One of the older applications I support uses ActiveX controls embedded inside a web page. These controls request data from a web server to update the information on the page without requesting the whole page again, much in the same way that AJAX is now commonly used.
This has worked fine for the Latin code pages (ISO8859-1, ISO8859-15), and for the double byte code page (cp950) that have been tested. However it did not work when I tried the UTF-8 Unicode code page.
The reason for this is fairly simple:
VB stores strings internally using Unicode, but assumes that the outside world is ANSI.
This means that Visual Basic will convert from ANSI to Unicode (UTF-16) when storing a string, and convert it back again when it is retrieved.
The ActiveX controls use the Microsoft Inet control to request data via HTTP. This uses the GetChunck() method in the StateChanged event in order to read the data in to a string. This was the first cause of my problems as Visual Basic will automatically convert the data in the string to ANSI, which loses the Unicode characters.
The Inet control GetChunck() method takes two parameters; size and data type.

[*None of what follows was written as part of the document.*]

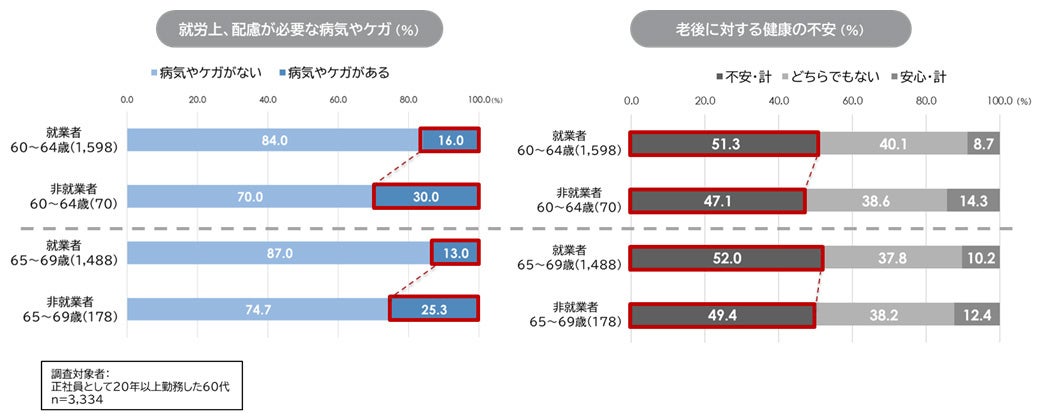 4. 60代前半・後半とも、「就労するにあたって配慮が必要な病気やケガ(後遺症を含む)はない」が85%前後。非就業者は、「病気・ケガがある人」が就業者よりも10ポイント以上多く、健康状態の悪さが非就業に繋がっている。「自分の健康」に対する不安を持つ人は、60代前半・後半ともに約半数で、就業者のほうが数ポイント多い。健康不安軽減・解消のために働く人がいると思われる。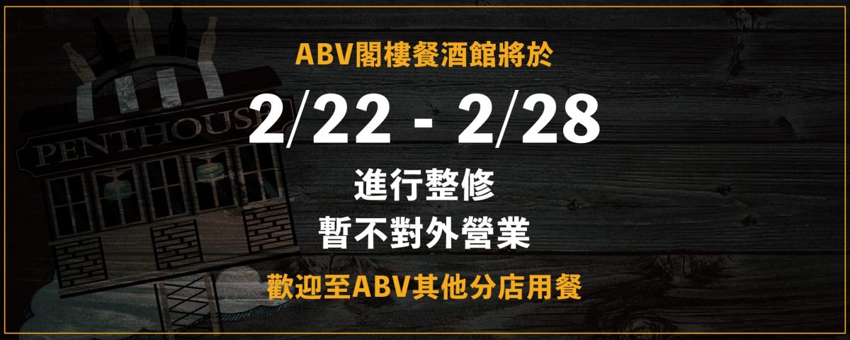 客倌們 ABV閣樓餐酒館將於2/22~2/28進行整修 為在新的一年提供給大家更好的服務及環境 請大家見諒 歡 […]

The size parameter tells it how much data to read, and the data type parameter tells it what data type to read it in to. The data was being read in to a string (icString), but to avoid the conversion I had to change this to a byte array (icByteArray) to avoid the automatic conversion process.
So far so good. But now I had a UTF-8 byte array that I needed to convert in to a string without losing data in the conversion process. This was a bit of a sticking point as Visual Basics string conversion function StrConv() can’t cope with UTF-8 and none of the API calls I found to convert the string worked. You can assign a string equal to a byte array and no automatic conversion happens, but as strings are stored internally as UTF-16 this does not work.
I was nearly at the stage where I either needed to write my own conversion process, or re-develop the controls in another language with better UTF-8 support.
Then I found this solution:
1 2 3 4 5 6 7 8 9 10 11 12 13 14 15 16 17 18 19 20 21 22 23 24
| Public Function ConvertUtf8BytesToString(ByRef data() As Byte) As String
Dim objStream As ADODB.Stream
Dim strTmp As String
' init stream
Set objStream = New ADODB.Stream
objStream.Charset = "utf-8"
objStream.Mode = adModeReadWrite
objStream.Type = adTypeBinary
objStream.Open
' write bytes into stream
objStream.Write data
objStream.Flush
' rewind stream and read text
objStream.Position = 0
objStream.Type = adTypeText
strTmp = objStream.ReadText
' close up and return
objStream.Close
ConvertUtf8BytesToString = strTmp
End Function |
This does not use any APIs but requires the Microsoft ActiveX Data Objects 2.5 Library or later.
Using this solution I was able to assign the original internal string variable to the result of this function and the rest of the code in the controls worked.
1
| strWSConnectReturnData = ConvertUtf8BytesToString(bytWSConnectReturnData) |
The ActiveX controls also read data values from the webpage and POST them back to the webserver. The values are read via the DOM. These also need to be converted in the opposite direction, before they can be URL encoded.
1 2 3 4 5 6 7 8 9 10 11 12 13 14 15 16 17 18 19 20 21 22 23 24 25
| Public Function ConvertStringToUtf8Bytes(ByRef strText As String) As Byte()
Dim objStream As ADODB.Stream
Dim data() As Byte
' init stream
Set objStream = New ADODB.Stream
objStream.Charset = "utf-8"
objStream.Mode = adModeReadWrite
objStream.Type = adTypeText
objStream.Open
' write bytes into stream
objStream.WriteText strText
objStream.Flush
' rewind stream and read text
objStream.Position = 0
objStream.Type = adTypeBinary
objStream.Read 3 ' skip first 3 bytes as this is the utf-8 marker
data = objStream.Read()
' close up and return
objStream.Close
ConvertStringToUtf8Bytes = data
End Function |
This returns a byte array, and I pass it directly in to a function that URL encodes the byte array, returning a sting.
1
| String = URLEncodeUTF8ByteArray( ConvertStringToUtf8Bytes( DomValue) ) |
Many thanks to Tim Hastings for his solution, as this has saved me a lot of pain!